Zack Cerza [Thu, 12 Dec 2013 23:33:53 +0000 (17:33 -0600)]
Make sure to report all results.
If a just-finished job was using a teuthology branch not known to
contain the reporting feature, then report the job via the
teuthology-report script. Note that in some cases this will result in
double reporting but the extra load should be negligible.
John Spray [Thu, 12 Dec 2013 21:33:19 +0000 (13:33 -0800)]
Fix FSID not being set in ceph.conf
Symptom was that 'ceph --admin-daemon... config get fsid'
returned zeros, while correct fsid was present in cluster maps.
Fix it by populating FSID in ceph.conf, after extracting it from
monmap.
Sandon Van Ness [Thu, 12 Dec 2013 02:07:43 +0000 (18:07 -0800)]
Longer timeout after sync/reboot.
With only a 5 second sleep via ssh and python it looks like a
race-condition was sometimes hitting where it would think
the machine is back up before the reboot command had completed.
Signed-off-by: Sandon Van Ness <sandon@inktank.com>
Sage Weil [Mon, 9 Dec 2013 19:42:12 +0000 (11:42 -0800)]
nuke: ignore exceptions while issuing reboot command
I'm seeing failed tasks (and nuke) leak machines. It looks like we are
getting an exception on the '... reboot -f -n' command when we should be
ignoring it and waiting for the machine to restart.
For example:
http://qa-proxy.ceph.com/teuthology/sage-2013-12-08_19:25:06-rados:thrash-wip-tier-foo-basic-plana/136321/teuthology.log
Warren Usui [Thu, 5 Dec 2013 01:49:21 +0000 (17:49 -0800)]
A create_if_vm call was made more than once when a lock-many style lock
was performed. This caused downburst to run twice, and the second
downburst fails as a result of the first downburst running.
Warren Usui [Mon, 2 Dec 2013 22:37:12 +0000 (14:37 -0800)]
Implement --downburst-conf parameter for teuthology-lock.
Load the appropriate yaml information when found (this formerly
did not work). Make sure teuthology --lock works with a downburst
entry in the yaml files. Document how this works in README.rst.
Warren Usui [Fri, 15 Nov 2013 04:24:38 +0000 (20:24 -0800)]
tgt and iscsi code need some minor fixes. Moved the settle call during
simple read testing. In iscsi.py, generic_mkfs and generic_mount need
to be called from the main body of the task. An extraneous iscsiadm
command was removed. The tgt size is now not hard-coded. It is extracted
from the property and defaults to 10240.
Sandon Van Ness [Thu, 21 Nov 2013 00:37:31 +0000 (16:37 -0800)]
Use shortened version in order to avoid revision/arch mishaps.

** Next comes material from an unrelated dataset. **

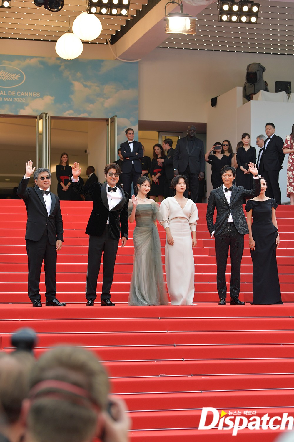 '브로커' 팀은 뤼미에르 계단에 올라, 칸의 분위기를 만끽했다. 송강호는 양팔을 번쩍 들어 인사했다. 강동원, 이지은, 이주영도 칸 관객들과 호흡했다.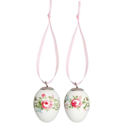 GreenGate Dekorativt Egg Gabby White Sett med 2 til å henge

Sometimes -X is added to package names which does not exist in the
/version file. Simply using the version string does not work on
RHEL (it does on centos). Until version and the packages match
identically we instead will just split the version at the - and
no longer specify the dist for better reliability but slightly
lower accuracy.
Signed-off-by: Sandon Van Ness <sandon@inktank.com>
Sandon Van Ness [Sat, 9 Nov 2013 01:00:27 +0000 (17:00 -0800)]
For saya (arm) use arm gitbuilder for ceph sha1.
Since the arm gitbuilder (even using a ton of nodes for distcc) is
much slower than x86 lets grab the sha1 from its own gitbuilder
when machine_type is saya rather than the x86 one.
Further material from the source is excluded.